Alpine Pilgrimage, by Dr. Julius Kugy. Translated by H. E. G. Tyndale. 374 pages, 25 illustrations. London. John Murray, 1934. Price 12s.
Perhaps you have a corner of a shelf among your mountain books reserved for The Playground of Europe, Scrambles Among the Alps, My Climbs in the Alps and Caucasus—the old de-pendables. Don’t you turn to it twice as often as to the big expedition books or the narratives of the modern daredevils? If you have such a shelf push something over and make a place on it for this one. Dr. Kugy’s book is the genuine and authentic vintage.
There are those who will find Alpine Pilgrimage unexciting. Its author believes that it is better to live on the mountains than to die on them. Here are no five-day bivouacs along the Peteret Ridge or hanging in ropes all night on Dolomite faces. It is an unpretentious record of climbs made, most of them, many years ago. They were, to a large extent and except for the pioneer work in the Julian Alps, repetitions of classic routes. They were made with guides.

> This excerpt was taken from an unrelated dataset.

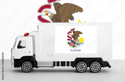 Illinois US state flag depicted on side wall of white delivery van close up. Shipping and local delivery concept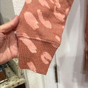 Stay cozy and stylish with this rust leopard print oversized sweater for extra comfort. Super soft and machine washable. Hem is ribbed and has slits on both sides. Can be worn with leggings or jeans. Perfect for any casual outing.

And yet the book is one that stirs you and leads you on.
The reason for it is plain. Dr. Kugy is a great and simple soul who loves mountains with a passion that pervades every atom of his being. He cares so much that he could probably have made the subject exciting even if his writing lacked the charm that it most decidedly has.
The first section of the book is devoted to the Julian Alps. For that group, plainly visible from Dr. Kugy’s home in Trieste, he has the deepest affection. It has preoccupied him from childhood to old age and he knows it as a man knows his own yard. The Julians are, I suppose, new territory to most of us. To one who likes to study a new district this part of the book, with its accompanying map, offers the material for many well occupied evenings.

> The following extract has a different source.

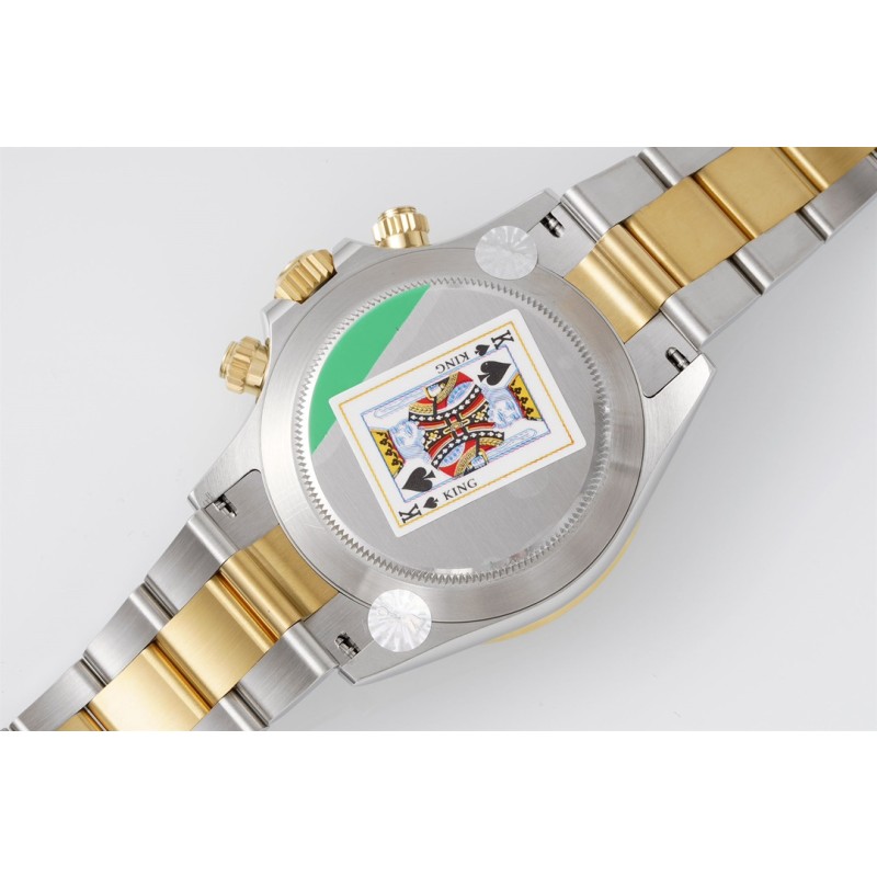 KING ROLEX DAYTONA 4130版本 出道即巅峰!无须再升级! 超级精品!欢迎品鉴! 超级大厂 瑞士A级品质 ! 真正原装1比1壳套打磨抛光! 尺寸:40mm*12.2mm 采用最好的代用级别表盘和夜光指针 搭载最强丹东4130机芯! 机芯夹板雕刻字体升级!圈口升级! 秒杀市场其它版本! AR精品全904L表带,不惜成本重金打造间金,全金,全玫瑰金款,采用包金式的18K金电镀工艺,是目前国内最好的单件散电!不透白,不掉色!成本极高,产量不多! KING 劳力士 迪通拿 以超绝的品质 满满的诚意 值得您拥有

After a rather casual encounter with the Dolomites, for which he never particularly cared, Dr. Kugy goes on to the Western Alps. At the age of twenty-eight, in 1886, he came to Zermatt, making his entrance in the grand manner by a traverse of Monte Rosa. For nearly thirty years he came back season after season, going everywhere, but giving his chief attention to the Pennines and the peaks of Dauphiné. The climbs are well described and hold the interest whether or not one is familiar with the routes. His climbing career bridges the gap from the Golden Age to the modern. We see Mummery, Collie, Alexander Burgener, Daniel Maquignaz and many others of the stalwarts.